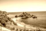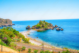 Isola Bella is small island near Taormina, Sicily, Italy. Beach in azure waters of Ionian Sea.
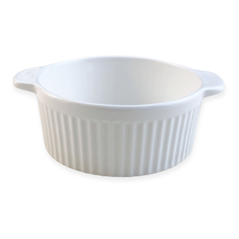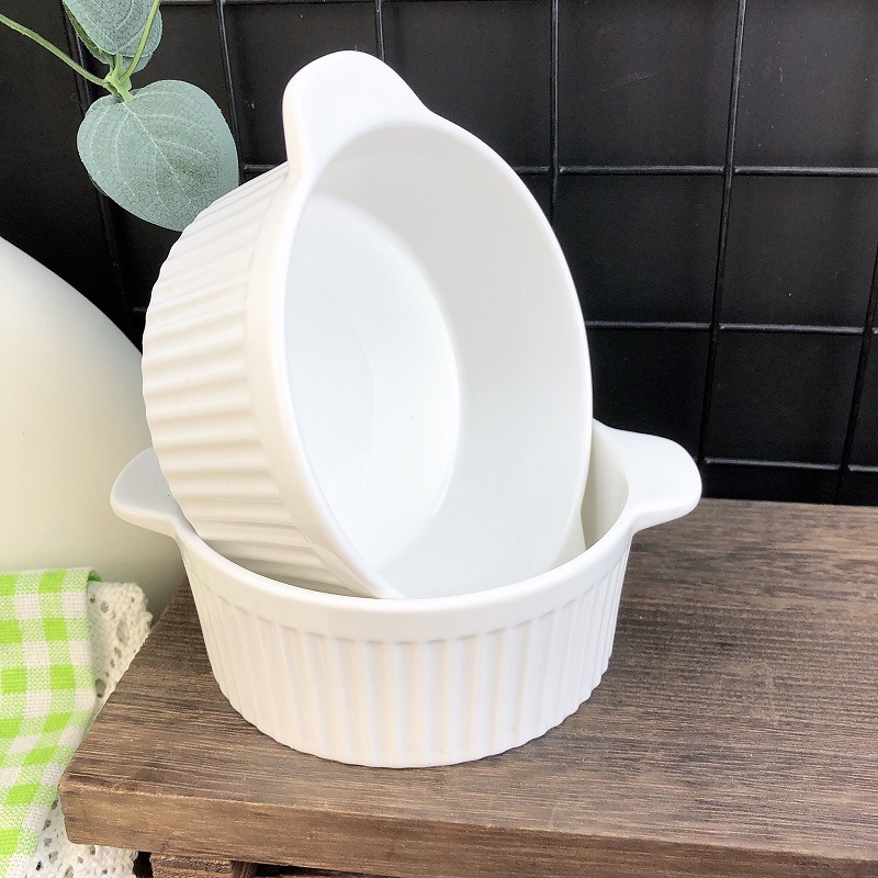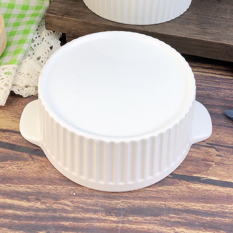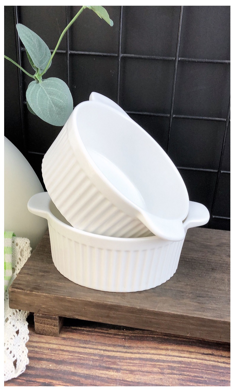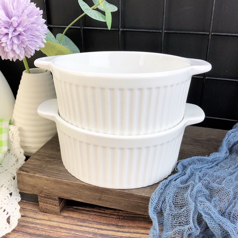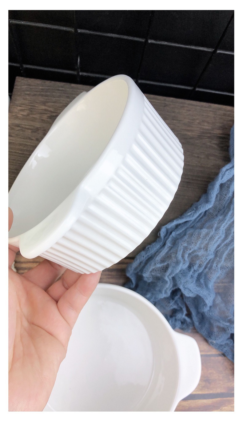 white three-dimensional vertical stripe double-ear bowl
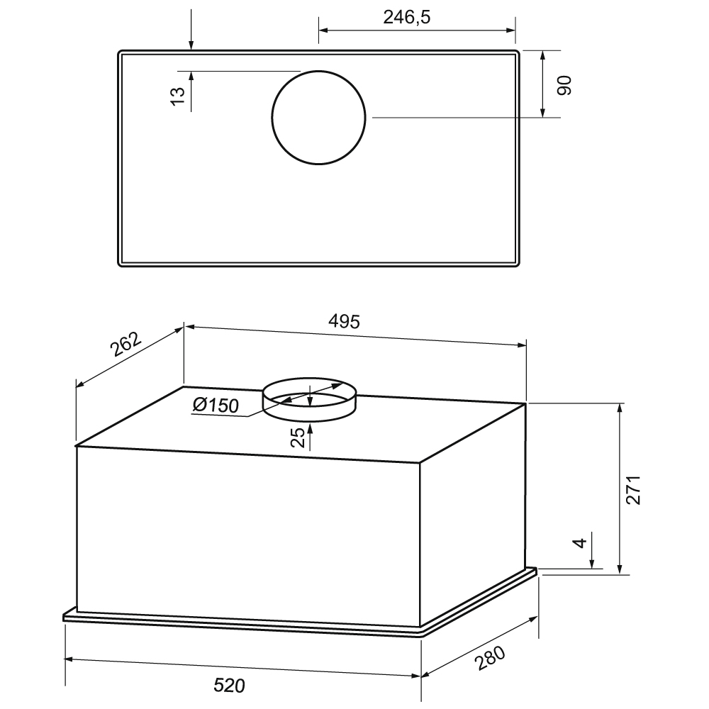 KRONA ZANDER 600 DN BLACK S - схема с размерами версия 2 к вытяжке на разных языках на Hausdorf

▸ WHAT THE TASK ASKS
Omit the pictures and reproduce the remaining material above exactly.

▸ RESULT OF THE EXERCISE
 Isola Bella is small island near Taormina, Sicily, Italy. Beach in azure waters of Ionian Sea.
 white three-dimensional vertical stripe double-ear bowl
 KRONA ZANDER 600 DN BLACK S - схема с размерами версия 2 к вытяжке на разных языках на Hausdorf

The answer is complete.